The goal with the push is to be live in every suburb in Australia by the end of the year, and Thomas said Nabo would be able to credibly pitch itself as filling a social media gap.
“I think, obviously, players are Facebook, as the leading platform as a social network for your friends, LinkedIn, as the leading social network for your career life, but at the moment there isn't a credible social network for your neighbourhood,” Thomas said.
“If you play it forward five years, there's no reason the majority of Australians wouldn't be using Nabo.”
He said that he will be broadly adopting the strategy he was a part of at Gumtree in 2010.
“At Gumtree there were some very obviousy day-to-day applications for that site. The marketing was about communicating those to the broader public with a lot of above-the-line, TV and also through PR,” Thomas said.
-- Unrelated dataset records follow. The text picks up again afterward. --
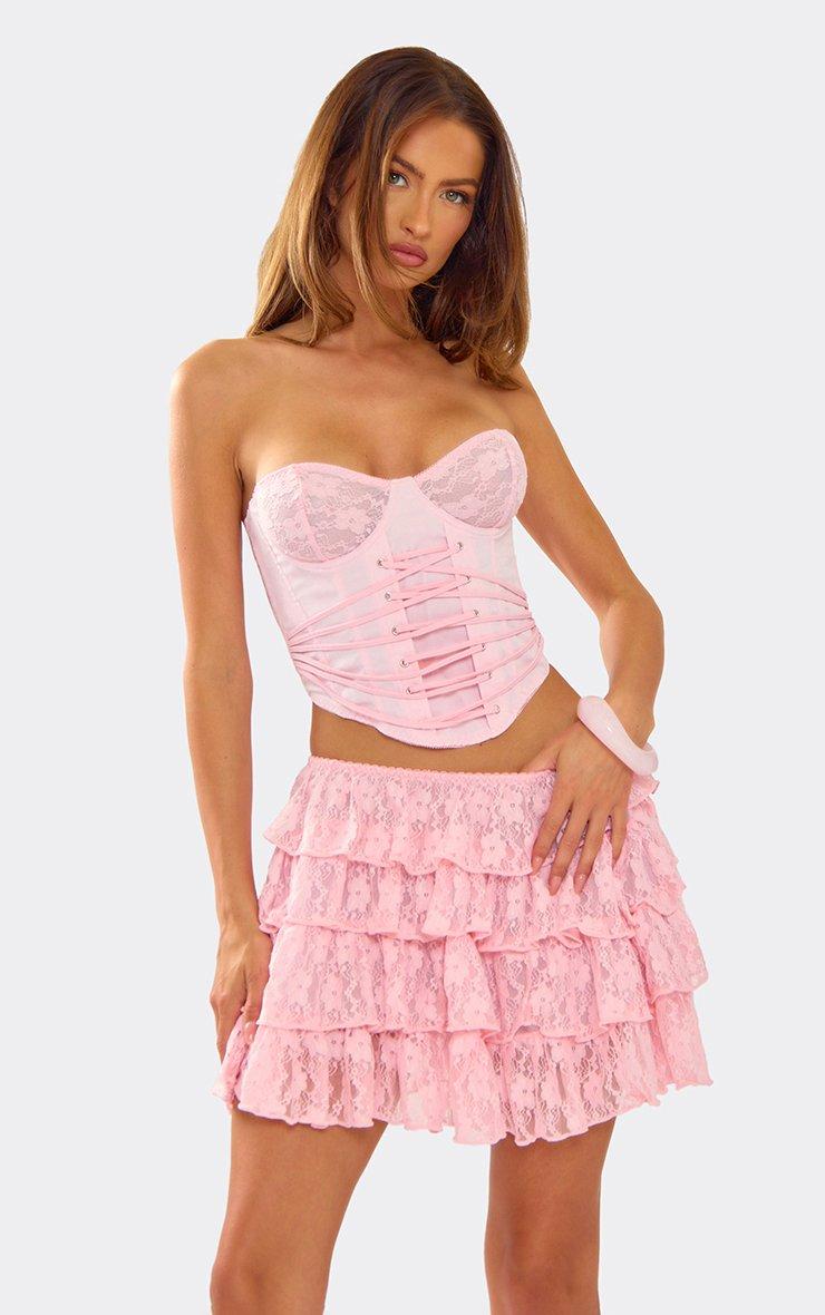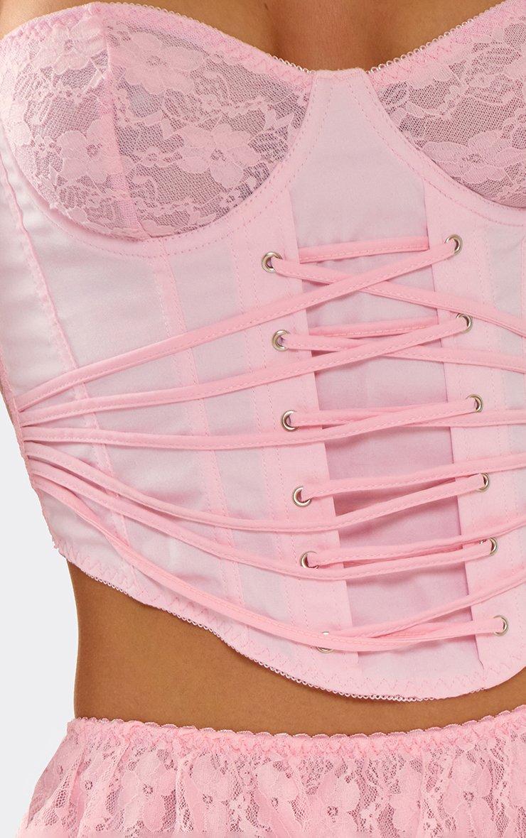 Bandeau Lace Up Strap Detail Corset Top In Pink Lace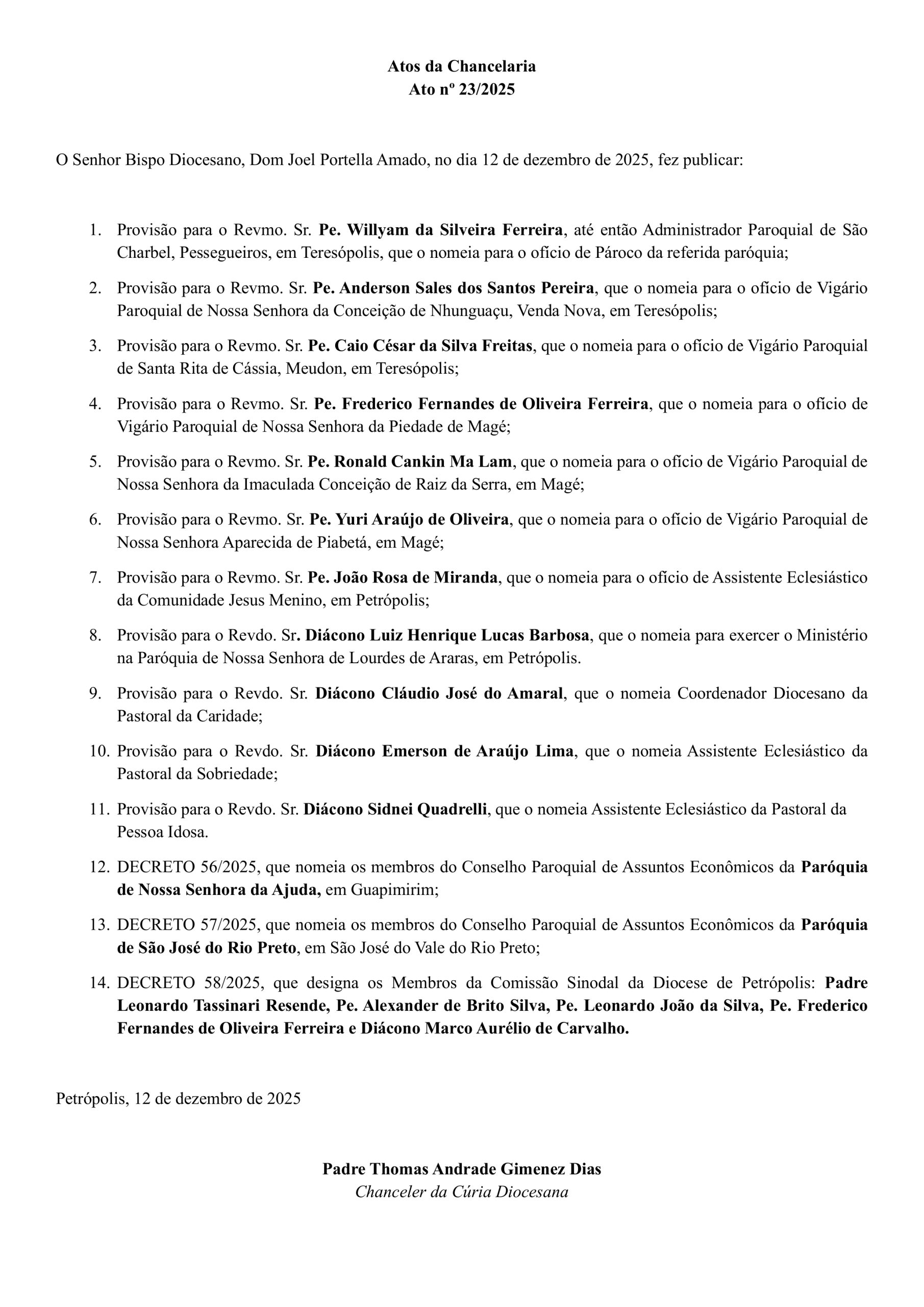 Atos da Chancelaria: Nomeações no Clero e Decretos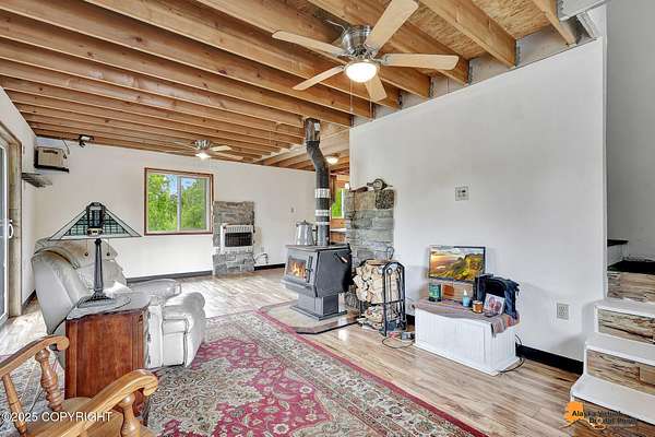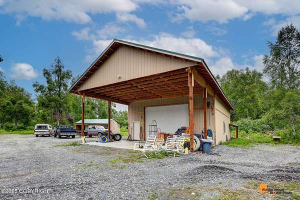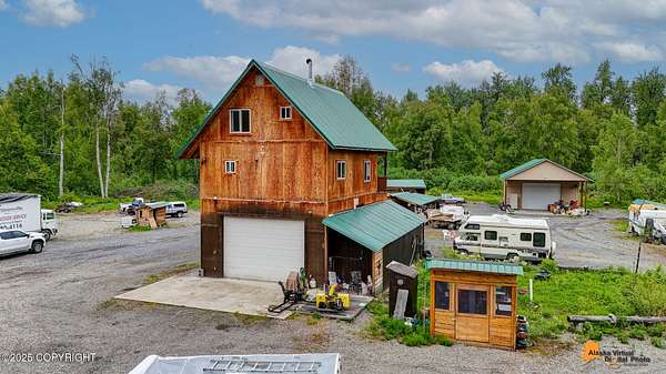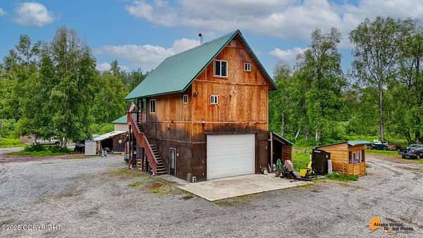 Cozy Alaskan Getaway on over 2 Acres with Bonus Shop & Garage including Solar by 907Solar. Motivated Seller! Looking for a little extra space and a lot of charm? This two-story, two-bedroom home sits on just over 2 acres and offers the peaceful feel of Alaska living with plenty of room to spread out. With nearly 1,400 square feet, respectively, it features a two large 3/4 baths, and tons of natural light.This Alaskan Rustic home features a wood burning stove, open kitchen and coffee bar area; large 3/4 bath and large laundry room on the main level. Upstairs enjoy two bedrooms, respectively; and a convenient three-quarter bath, plus jack and jill loft / reading nook. Huge garage with wood stove,and the 40 x 60 bonus shop w/carport (also with a wood stove) adds even more room for projects, hobbies, or just tinkering around. Various outbuildings to remain on property (vehicles sold separately). About 98% of old vehicles and debris are in the process of being cleared, or sold, giving you a head start on making this place your own. Whether you're dreaming of a weekend retreat or a full-time escape from the city - this property has the space, potential, and setting to make it yours. Buyer To Verify ALL Information! Property being sold as-is, where is.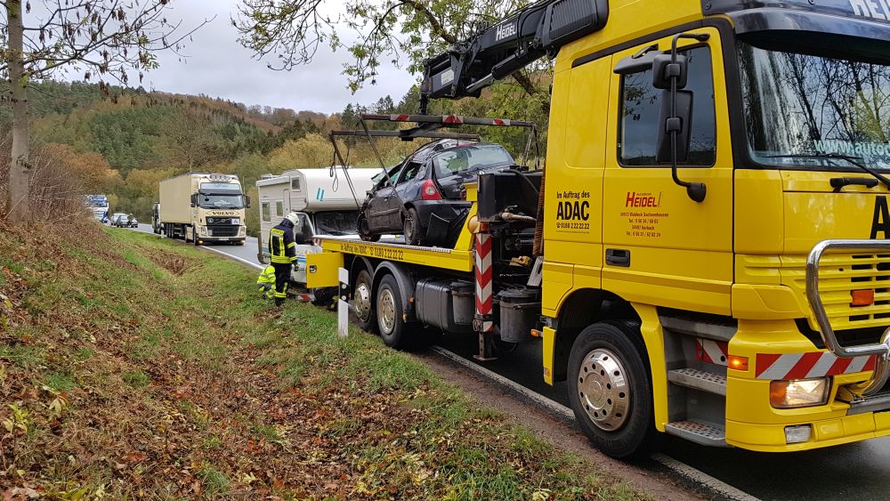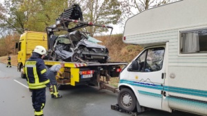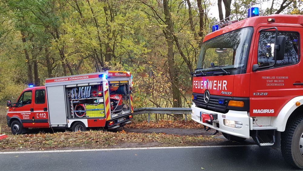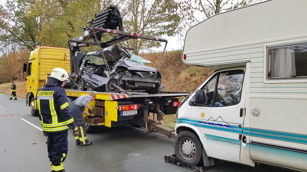 Aus bisher ungeklärter Ursache verlor die Fahrzeugführerin des Renault Clio in einer langgezogenen Rechtskurve die Kontrolle über ihr Fahrzeug und schleuderte frontal in das entgegenkommende Wohnmobil. Die alarmierte Feuerwehr Höringhausen und Sachsenhausen sicherten die Unfallstelle ab. Das Fahrzeug der 35-Jährigen lag auf der Seite und wurde mit einer Seilwinde gesichert. Nach Rücksprache mit dem Rettungsdienst, wurde die Unfallfahrerin aus Ihrem Fahrzeug befreit. Das Dach wurde aufgeschnitten und die Frau mit Hilfe eines Spineboard an den Rettungsdienst übergeben. Nach der Erstversorgung an der Unfallstelle wurde die Frau dann in ein Krankenhaus nach Korbach eingeliefert. Es besteht keine Lebensgefahr. Die Insassen des Wohnmobils erlitten einen Schock und wurden vorsorglich in ein Krankenhaus nach Bad Arolsen verbracht. Die Landstraße war für rund 90 Minuten voll gesperrt
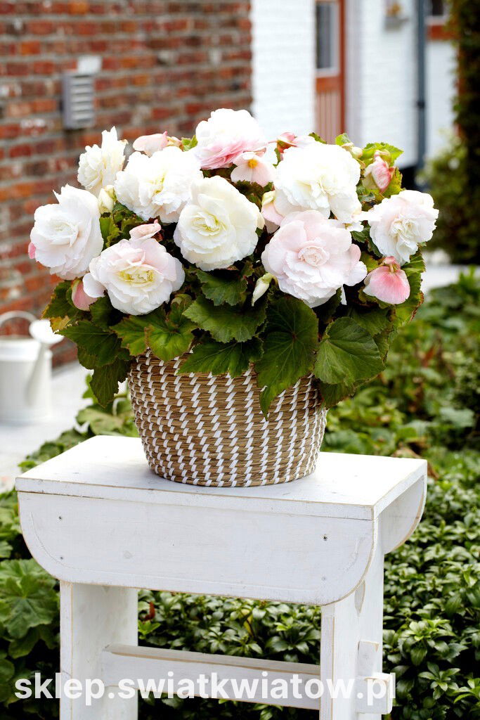Begonia bulwiasta wielkokwiatowa (Begonia x tuberhybrida grandiflora) Superba White jest odmianą oferującą ogromne, podwójne kwiaty w eleganckiej czysto białej barwie. Niewysokie rośliny o ukośnych liściach z ząbkowanymi brzegami kwitną przez całe lato aż do jesiennego ochłodzenia. Ta rewelacyjna grupa begonii zachwyca ogrodników ilością i wyglądem swoich kwiatów, naśladujących rozwinięte róże. Nasycona, jednolita barwa płatków ułożonych w zgrabne okręgi jest widoczna z daleka na tle zielonego ulistnienia. Najwięcej kwiatów pojawia się na górnej części pędów, w kątach liści. Grube i kruche łodygi tworzą zwarty, krzaczkowaty pokrój rośliny. Begonie wielkokwiatowe to niezastąpione rośliny do sadzenia na frontach rabat, obwódkach czy eleganckich klombach położonych na mniej nasłonecznionych terenach. Ten szlachetny kwiat fenomenalnie nadaje się obsadzania donic, pojemników, wiszących koszy i skrzynek. Begonię bulwiastą można też traktować jako kwitnącą roślinę doniczkową.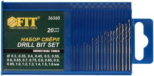 Набор сверл по металлу 20шт (0,3-1,6мм), HSS, FIT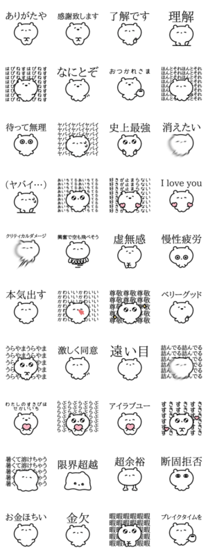 ゆるいくまのスタンプ。何かと使えます。 熊/クマ/アニマル/あにまる/どうぶつ/動物/ゆるめ/シュール/えもい/かわいい/可愛い/ラブリー/すきぴ/好き/愛情表現/うるうる目bearbear より発売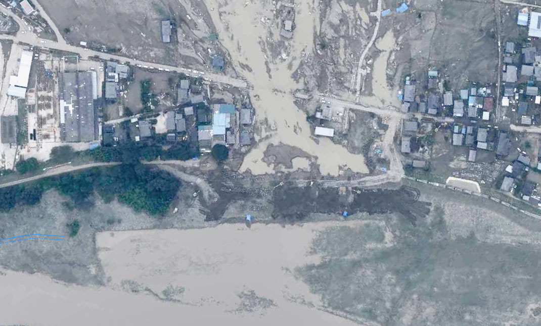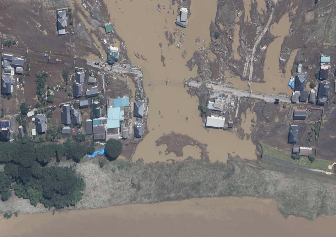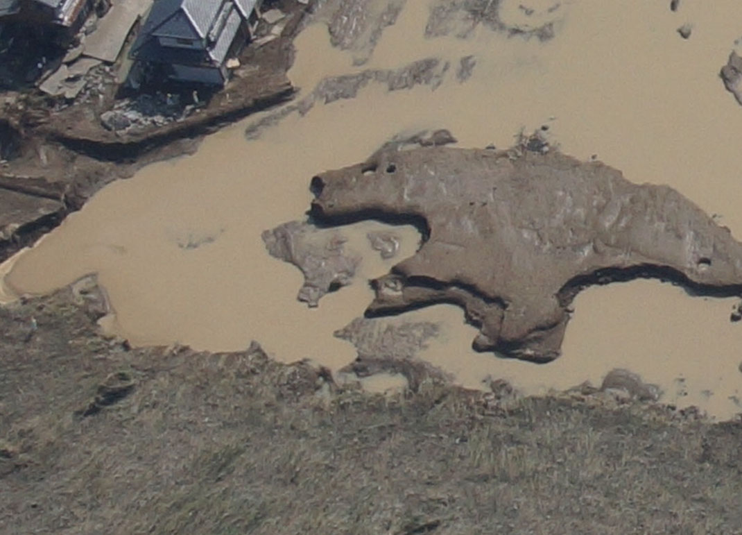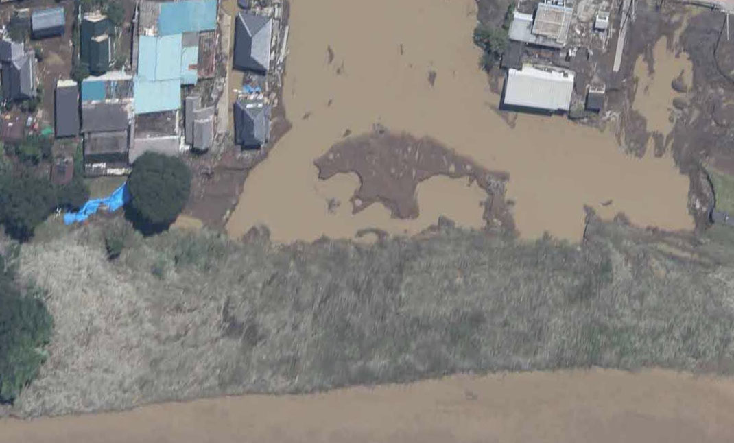 さらに寄ってみます。こんどは、水害翌日の9月11日に、国交省がヘリコプターで撮影し、水害直後に公表していた航空写真です。俯瞰撮影なのですが、画像操作により垂直撮影画像のように修整してあります。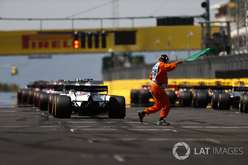 Işıklar yanar ve bir hakem başlangıcı için yeşil bayrak sallar

“Once people got what the proposition was, we then had a strong below-the-line component which was mostly paid search and other forms of digital advertising. In some ways, the opportunity for Nabo is to perform a similar strategy.”
Nabo's above-the-line push, however, will be on an accelerated growth path due to one of its major investors.
Media giant Seven West Media (SWM) is one of the two major backers of Nabo, along with Westpac Bank's venture capital fund, Reinventure.
TV ads for Nabo have already appeared on the Seven network, and it is currently talking with the network on product integration opportunities.
“Seven West is clearly going to be a very strong potential partner with above-the-line advertising across TV, print, and online,” Thomas said.
A degree of mystery still surrounds exactly why behemoths Seven West and Westpac are investing in a social media network, but Thomas provided a clue.
“We're going to have a highly segmentable database of users, which will have a myriad of possibilities for our partners in both SWM and Westpac, along with many other local businesses,” Thomas said.
“So, in terms of the future opportunities, that probably spells it out”.
On the Seven West side, Thomas said Nabo may be used as a platform to execute hyperlocal strategies.
“I think it's really interesting in that a lot of big publishers recognise the need to refocus their local strategy,” Thomas said. “Nobody's really cracked that, but I think that's how Nabo can play into it, in that as Nabo grows, it becomes a credible player in the local marketplace.”
Meanwhile for Westpac, Nabo could become a marketing vehicle.
“Westpac obviously has a huge user base, and we know that when people move to a new home, that's when they want information about their neighbourhood,” Thomas said.
“So there's opportunities for us to work together in home marketing partnerships to various different segments.”